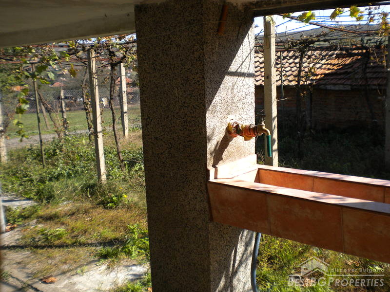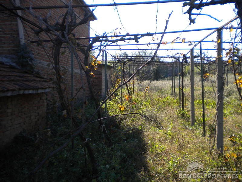 The property which is for sale consists of a two stories massive house built on a very spacious plot of land - 1260 sq m in size. The house comprises two residential floors connected with outer staircase. The first floor consists of a kitchen, winery and a bathroom. The second floor comprises a living room and three bedrooms. The house is in good condition and is ready to move in. It is for sale fully finished and furnished. The yard is 1260 sq m large and comprises a garage, summer kitchen, shed, a large additional agricultural outbuilding, outer WC, barbeque area, well with drinkable water and lots of fruit trees, grapevines and other sorts of greenery.
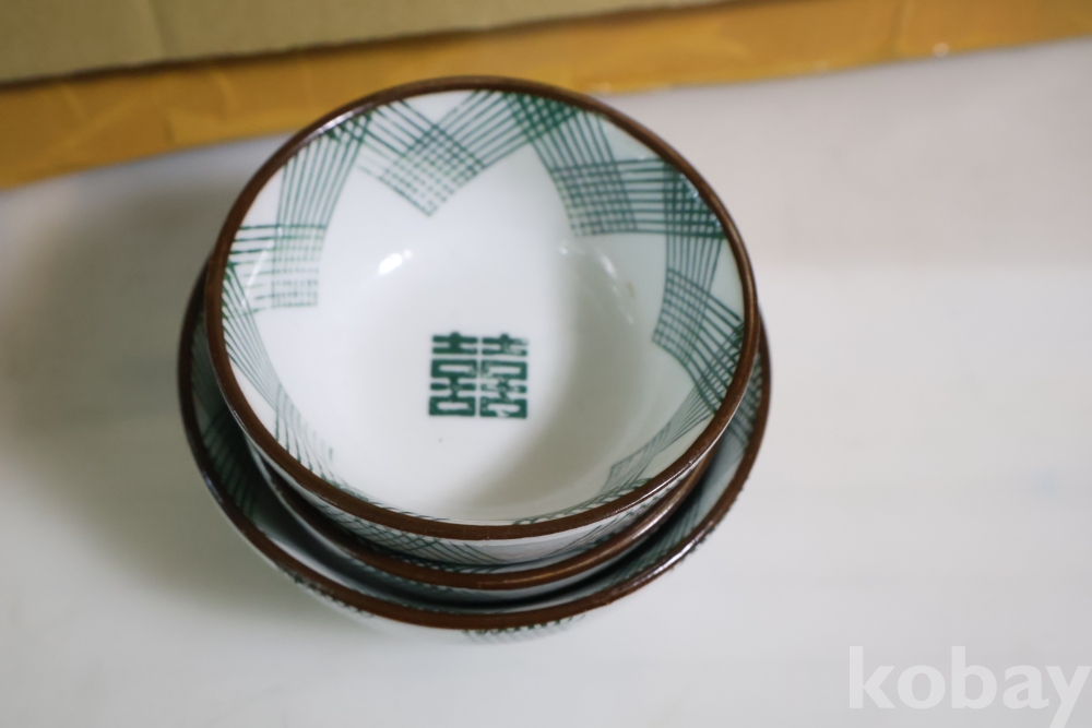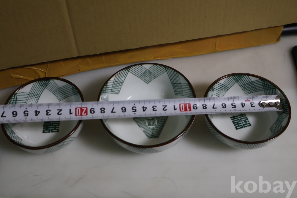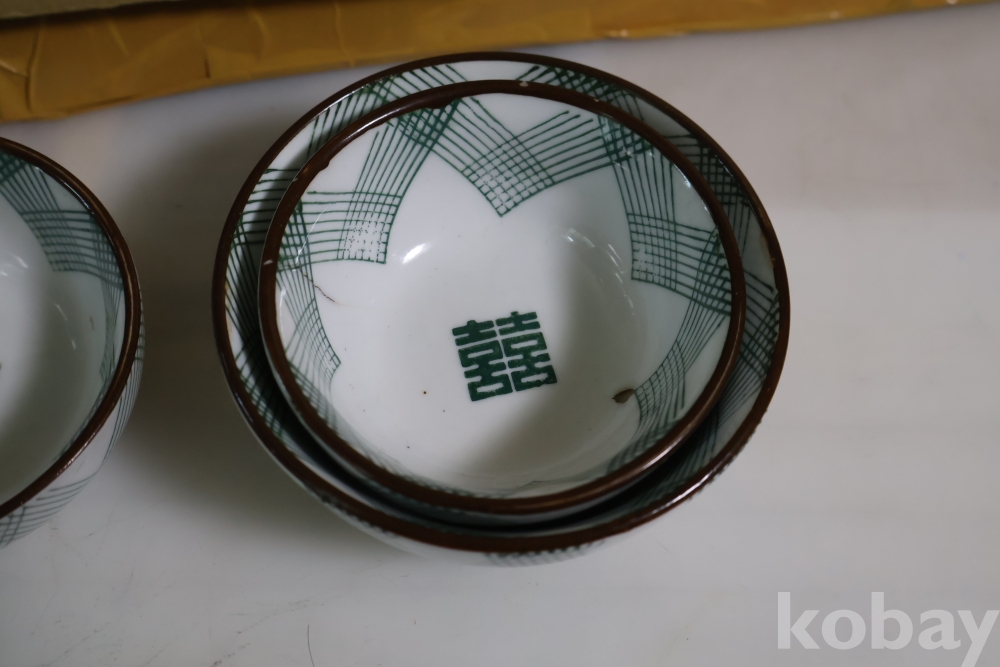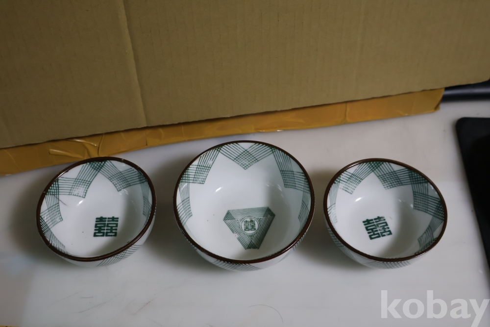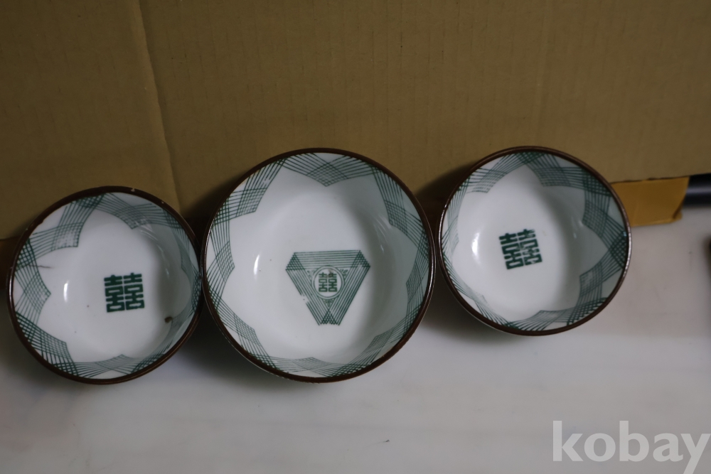 1920 30 대 쌍희 도자기 3 세트 임니다 앙증맞은 사이즈 특이한 디자인 색감을 가진 명품 임니다 묵직함니다 소성 당시 생긴 유가 한곳에 보임니다
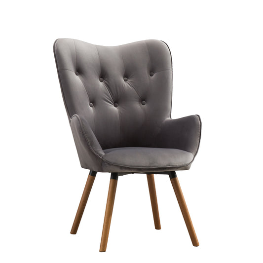 Doarnin Contemporary Silky Velvet Tufted Button Back Accent Chair, Gray
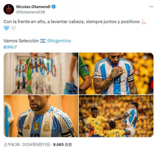 奥塔门迪在社交媒体上晒出比赛照片,并写道:“昂首挺胸,抬起头,永远团结一致,并保持积极的心态。加油,阿根廷队!”
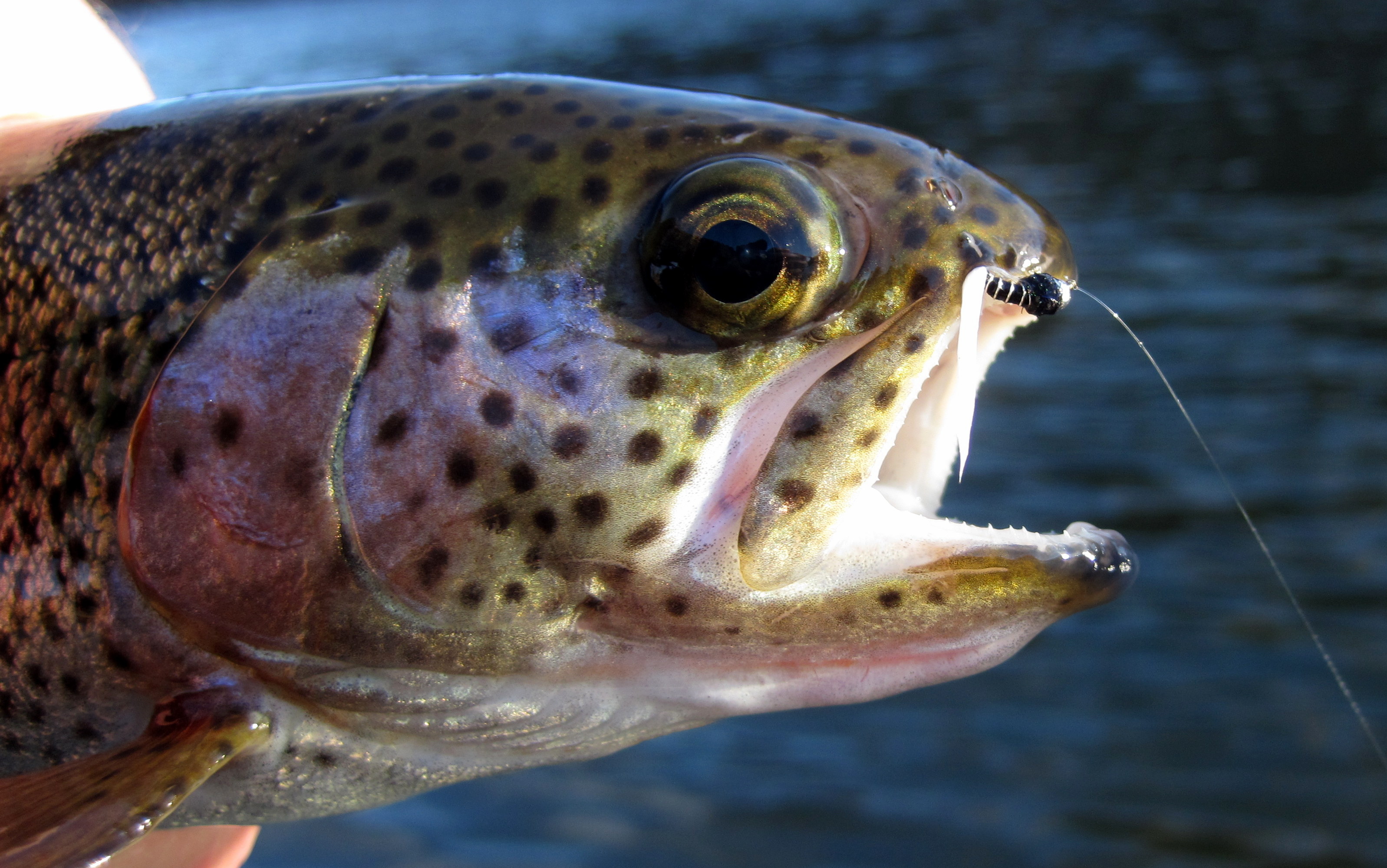 We started out at our hot spot, but the fish weren’t responding like we’ve seen in the past. They were there and active, but we couldn’t find the bug they were keying on. I could catch one on more than half of the flies I tried, but other than the Rootbeer midge I didn’t catch more than one fish on any given fly. After talking with a few fellow fly fishers we found the fish were keying on the scud in either tan or brown color. I didn’t have anything other than gray colors. I was able to get one on the gray, but that was it.
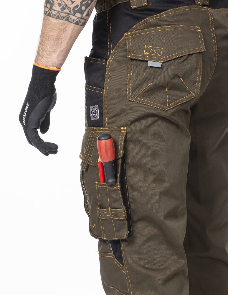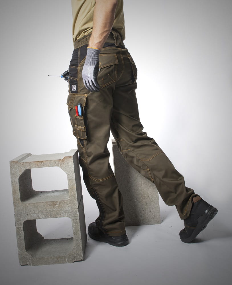 - GOTOWE NA NAKOLANNIKI - profilowane kolana z podwójnego materiału i wsuwanymi kieszeniami drastycznie ułatwiają prace posadzkarskie i monterskie.
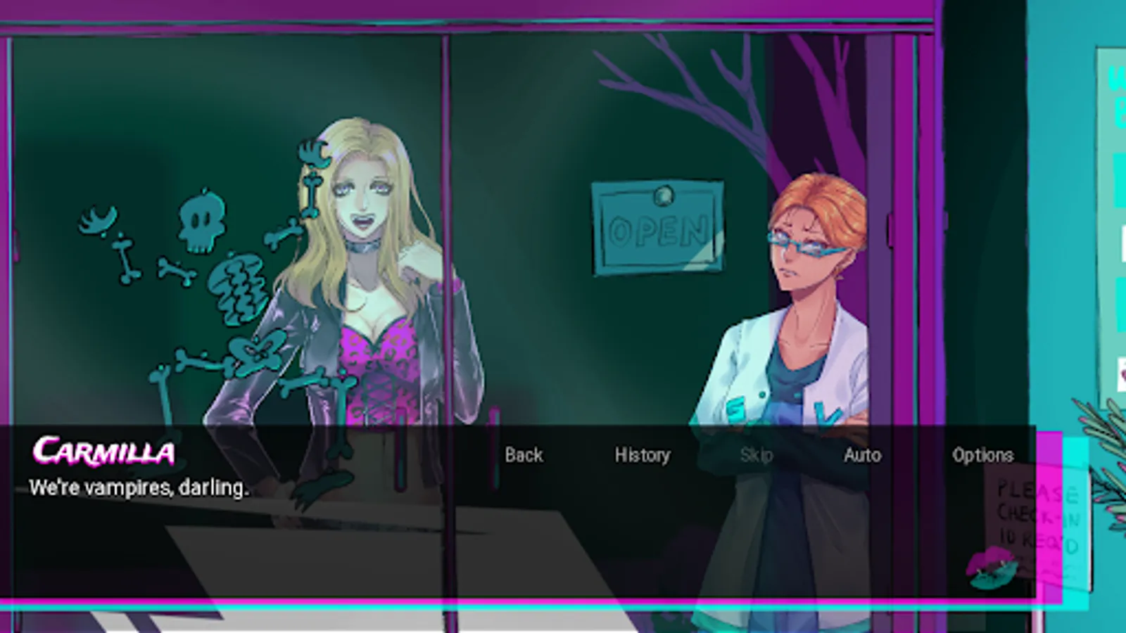After a successful blood donation drive, Mina is left working the graveyard shift on Halloween to catch up on all the paperwork. In the middle of yearning for her cheesy VHS rentals and the comfort of her pet rats, she hears something - someone? - outside. It’s two people- or rather, two vampires, both demanding a bit of blood.
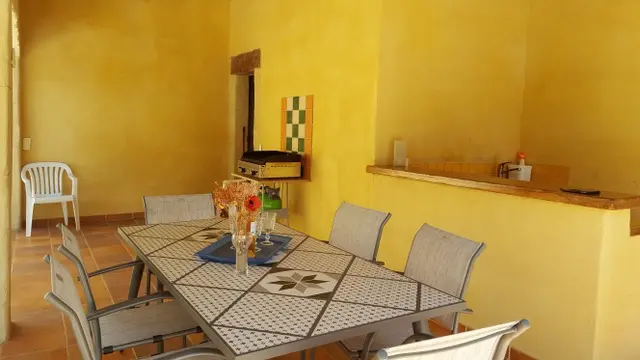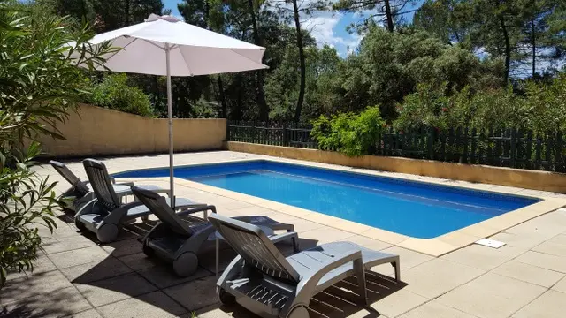 Maison indépendante de plain-pied à la campagne. Piscine privative et sécurisée par clôture et portillon d'accès. Terrain vaste et non clôturé. Pas de route passante à proximité, calme assuré. Animaux acceptés avec autorisation préalable.

──────────

■ Instructions for the task
Transcribe all lines above exactly, skipping pictures.

■ Answer section
 The property which is for sale consists of a two stories massive house built on a very spacious plot of land - 1260 sq m in size. The house comprises two residential floors connected with outer staircase. The first floor consists of a kitchen, winery and a bathroom. The second floor comprises a living room and three bedrooms. The house is in good condition and is ready to move in. It is for sale fully finished and furnished. The yard is 1260 sq m large and comprises a garage, summer kitchen, shed, a large additional agricultural outbuilding, outer WC, barbeque area, well with drinkable water and lots of fruit trees, grapevines and other sorts of greenery.
 1920 30 대 쌍희 도자기 3 세트 임니다 앙증맞은 사이즈 특이한 디자인 색감을 가진 명품 임니다 묵직함니다 소성 당시 생긴 유가 한곳에 보임니다
 Doarnin Contemporary Silky Velvet Tufted Button Back Accent Chair, Gray
 奥塔门迪在社交媒体上晒出比赛照片,并写道:“昂首挺胸,抬起头,永远团结一致,并保持积极的心态。加油,阿根廷队!”
 We started out at our hot spot, but the fish weren’t responding like we’ve seen in the past. They were there and active, but we couldn’t find the bug they were keying on. I could catch one on more than half of the flies I tried, but other than the Rootbeer midge I didn’t catch more than one fish on any given fly. After talking with a few fellow fly fishers we found the fish were keying on the scud in either tan or brown color. I didn’t have anything other than gray colors. I was able to get one on the gray, but that was it.
 - GOTOWE NA NAKOLANNIKI - profilowane kolana z podwójnego materiału i wsuwanymi kieszeniami drastycznie ułatwiają prace posadzkarskie i monterskie.
After a successful blood donation drive, Mina is left working the graveyard shift on Halloween to catch up on all the paperwork. In the middle of yearning for her cheesy VHS rentals and the comfort of her pet rats, she hears something - someone? - outside. It’s two people- or rather, two vampires, both demanding a bit of blood.
 Maison indépendante de plain-pied à la campagne. Piscine privative et sécurisée par clôture et portillon d'accès. Terrain vaste et non clôturé. Pas de route passante à proximité, calme assuré. Animaux acceptés avec autorisation préalable.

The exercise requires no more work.